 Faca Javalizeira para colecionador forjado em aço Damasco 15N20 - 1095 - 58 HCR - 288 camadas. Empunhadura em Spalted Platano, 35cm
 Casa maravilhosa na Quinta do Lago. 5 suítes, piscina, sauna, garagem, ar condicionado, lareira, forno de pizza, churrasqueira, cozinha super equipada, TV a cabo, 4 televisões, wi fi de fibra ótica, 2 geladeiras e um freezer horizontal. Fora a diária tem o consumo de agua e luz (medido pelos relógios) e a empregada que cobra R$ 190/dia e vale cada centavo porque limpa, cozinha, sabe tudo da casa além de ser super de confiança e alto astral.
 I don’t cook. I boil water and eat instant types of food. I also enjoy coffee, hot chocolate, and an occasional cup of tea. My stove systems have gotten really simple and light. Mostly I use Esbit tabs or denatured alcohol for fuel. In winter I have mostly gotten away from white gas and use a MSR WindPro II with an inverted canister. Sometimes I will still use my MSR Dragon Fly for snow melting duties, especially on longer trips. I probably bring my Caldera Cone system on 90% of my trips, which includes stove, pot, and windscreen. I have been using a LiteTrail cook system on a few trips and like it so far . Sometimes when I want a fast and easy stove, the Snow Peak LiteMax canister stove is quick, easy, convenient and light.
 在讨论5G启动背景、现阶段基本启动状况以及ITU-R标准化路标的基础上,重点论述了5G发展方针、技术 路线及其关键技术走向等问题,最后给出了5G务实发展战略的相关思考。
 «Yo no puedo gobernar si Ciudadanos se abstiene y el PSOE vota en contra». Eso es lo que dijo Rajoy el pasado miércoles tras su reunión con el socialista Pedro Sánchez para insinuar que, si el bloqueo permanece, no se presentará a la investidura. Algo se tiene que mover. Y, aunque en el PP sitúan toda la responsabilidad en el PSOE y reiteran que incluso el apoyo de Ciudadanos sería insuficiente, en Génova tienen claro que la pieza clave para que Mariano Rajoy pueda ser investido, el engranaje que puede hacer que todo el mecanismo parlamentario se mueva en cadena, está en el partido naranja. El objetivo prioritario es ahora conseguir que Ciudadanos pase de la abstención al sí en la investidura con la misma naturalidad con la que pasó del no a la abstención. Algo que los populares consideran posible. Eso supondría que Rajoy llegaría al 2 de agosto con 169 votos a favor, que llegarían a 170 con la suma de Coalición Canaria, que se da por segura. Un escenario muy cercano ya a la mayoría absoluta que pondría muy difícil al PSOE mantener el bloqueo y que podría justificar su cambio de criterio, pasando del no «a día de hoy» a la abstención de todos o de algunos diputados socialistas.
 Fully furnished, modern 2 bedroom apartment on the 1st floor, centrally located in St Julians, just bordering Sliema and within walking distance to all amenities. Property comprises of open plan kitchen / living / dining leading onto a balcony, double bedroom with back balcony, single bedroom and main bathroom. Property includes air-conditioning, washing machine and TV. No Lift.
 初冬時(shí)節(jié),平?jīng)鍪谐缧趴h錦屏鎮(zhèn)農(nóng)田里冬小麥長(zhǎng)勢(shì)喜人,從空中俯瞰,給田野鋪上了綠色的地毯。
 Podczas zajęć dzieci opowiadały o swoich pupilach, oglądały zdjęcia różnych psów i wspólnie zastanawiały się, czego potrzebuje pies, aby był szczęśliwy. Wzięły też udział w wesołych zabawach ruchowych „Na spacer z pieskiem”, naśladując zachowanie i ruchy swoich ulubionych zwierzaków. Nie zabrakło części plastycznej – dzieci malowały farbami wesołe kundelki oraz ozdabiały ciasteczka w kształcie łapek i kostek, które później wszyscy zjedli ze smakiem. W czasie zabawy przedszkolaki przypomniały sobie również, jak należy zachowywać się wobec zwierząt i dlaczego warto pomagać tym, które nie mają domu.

= = = = =

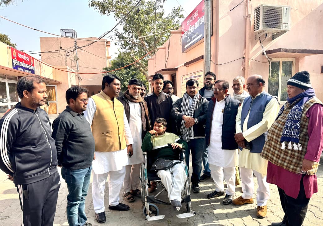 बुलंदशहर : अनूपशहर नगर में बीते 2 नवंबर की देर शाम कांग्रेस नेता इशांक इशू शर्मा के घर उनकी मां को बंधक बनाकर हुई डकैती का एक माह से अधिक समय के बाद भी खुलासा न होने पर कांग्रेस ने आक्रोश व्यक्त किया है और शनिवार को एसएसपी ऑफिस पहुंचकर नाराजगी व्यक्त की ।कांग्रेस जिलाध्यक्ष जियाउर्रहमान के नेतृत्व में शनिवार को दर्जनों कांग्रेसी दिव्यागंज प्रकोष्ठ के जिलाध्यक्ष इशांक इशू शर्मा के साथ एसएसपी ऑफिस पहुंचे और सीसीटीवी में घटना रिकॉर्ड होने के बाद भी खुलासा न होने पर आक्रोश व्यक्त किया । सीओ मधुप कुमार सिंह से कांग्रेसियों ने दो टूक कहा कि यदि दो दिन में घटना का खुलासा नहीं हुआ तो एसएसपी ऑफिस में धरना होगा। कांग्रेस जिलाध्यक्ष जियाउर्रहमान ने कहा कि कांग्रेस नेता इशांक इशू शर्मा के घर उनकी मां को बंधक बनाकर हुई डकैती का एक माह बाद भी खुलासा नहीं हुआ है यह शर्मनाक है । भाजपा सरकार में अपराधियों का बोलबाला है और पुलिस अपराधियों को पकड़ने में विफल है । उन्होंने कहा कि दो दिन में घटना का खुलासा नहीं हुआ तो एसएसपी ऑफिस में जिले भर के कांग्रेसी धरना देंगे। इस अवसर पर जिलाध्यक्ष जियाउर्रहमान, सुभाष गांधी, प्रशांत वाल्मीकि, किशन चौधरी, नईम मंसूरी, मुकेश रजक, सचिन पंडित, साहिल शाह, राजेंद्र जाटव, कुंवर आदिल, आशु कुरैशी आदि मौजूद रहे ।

= = = = =

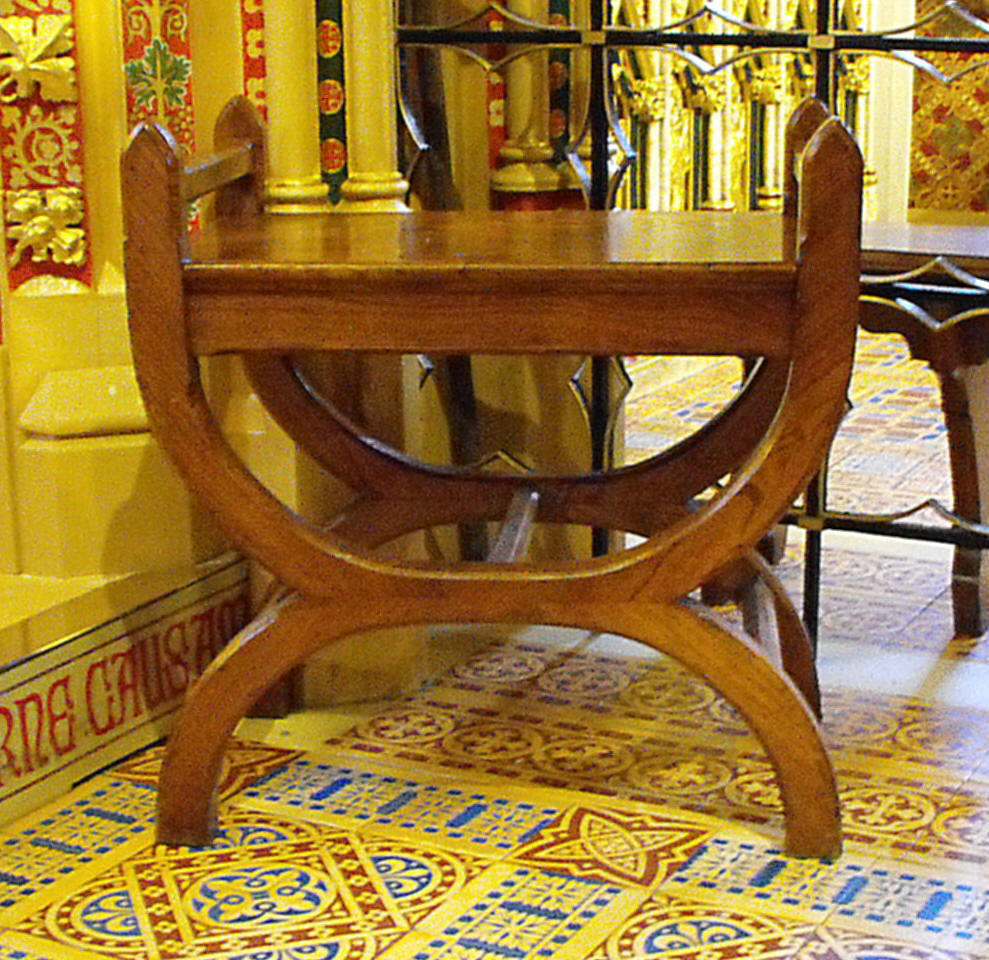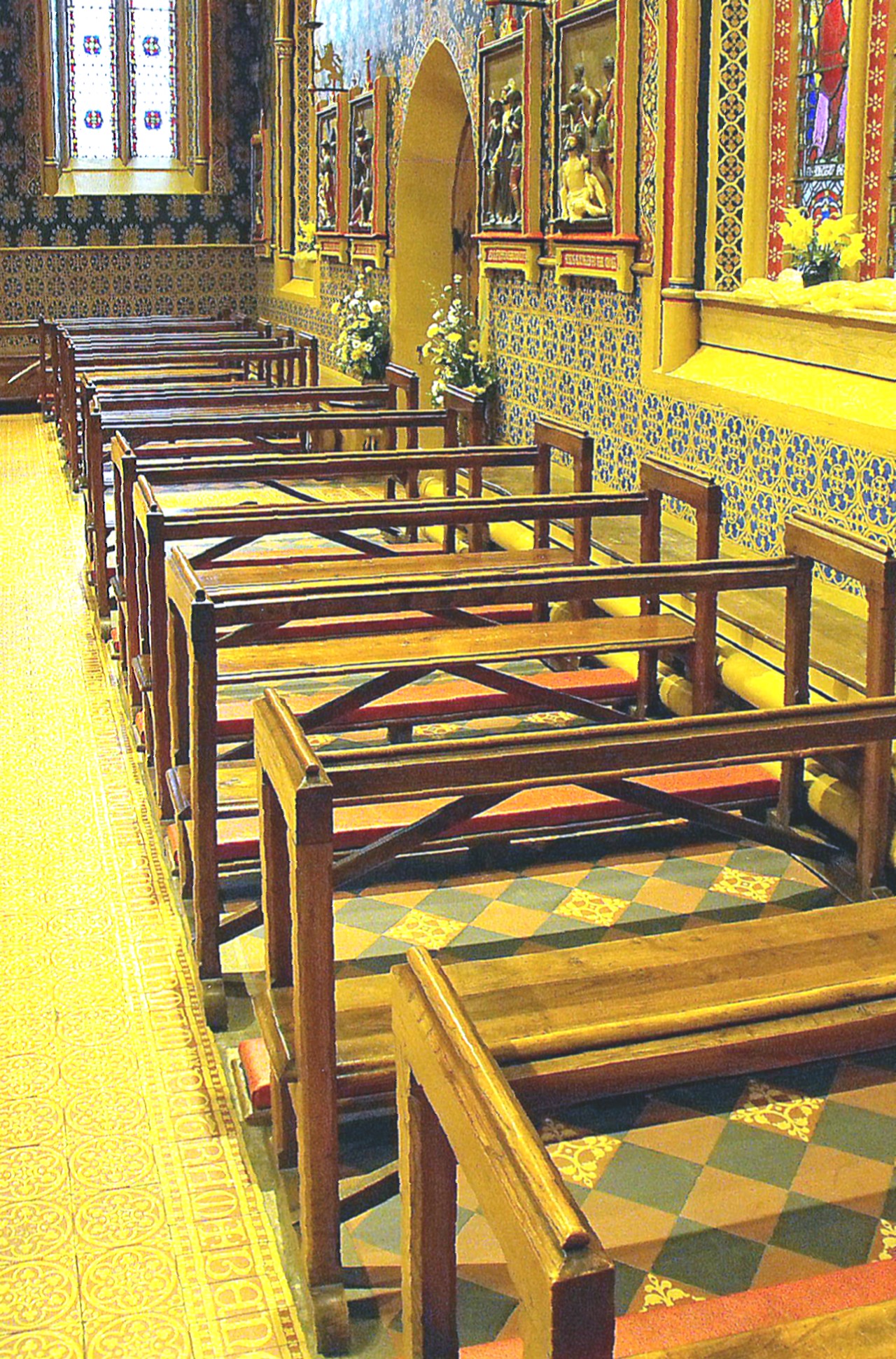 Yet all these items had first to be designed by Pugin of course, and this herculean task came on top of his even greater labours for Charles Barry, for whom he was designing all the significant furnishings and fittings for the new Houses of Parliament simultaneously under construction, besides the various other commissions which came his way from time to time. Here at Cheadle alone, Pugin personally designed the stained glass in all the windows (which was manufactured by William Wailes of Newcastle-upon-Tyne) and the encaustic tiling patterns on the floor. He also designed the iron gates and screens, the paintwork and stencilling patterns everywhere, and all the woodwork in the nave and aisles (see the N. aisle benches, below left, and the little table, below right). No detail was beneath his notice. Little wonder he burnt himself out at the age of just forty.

= = = = =

- [Exercise directions] Write out exactly the lines above from the line with "Faca Javalizeira para" through the line with "Casa maravilhosa na", both of them included, and leave out all other lines.

- [Solution]
 Faca Javalizeira para colecionador forjado em aço Damasco 15N20 - 1095 - 58 HCR - 288 camadas. Empunhadura em Spalted Platano, 35cm
 Casa maravilhosa na Quinta do Lago. 5 suítes, piscina, sauna, garagem, ar condicionado, lareira, forno de pizza, churrasqueira, cozinha super equipada, TV a cabo, 4 televisões, wi fi de fibra ótica, 2 geladeiras e um freezer horizontal. Fora a diária tem o consumo de agua e luz (medido pelos relógios) e a empregada que cobra R$ 190/dia e vale cada centavo porque limpa, cozinha, sabe tudo da casa além de ser super de confiança e alto astral.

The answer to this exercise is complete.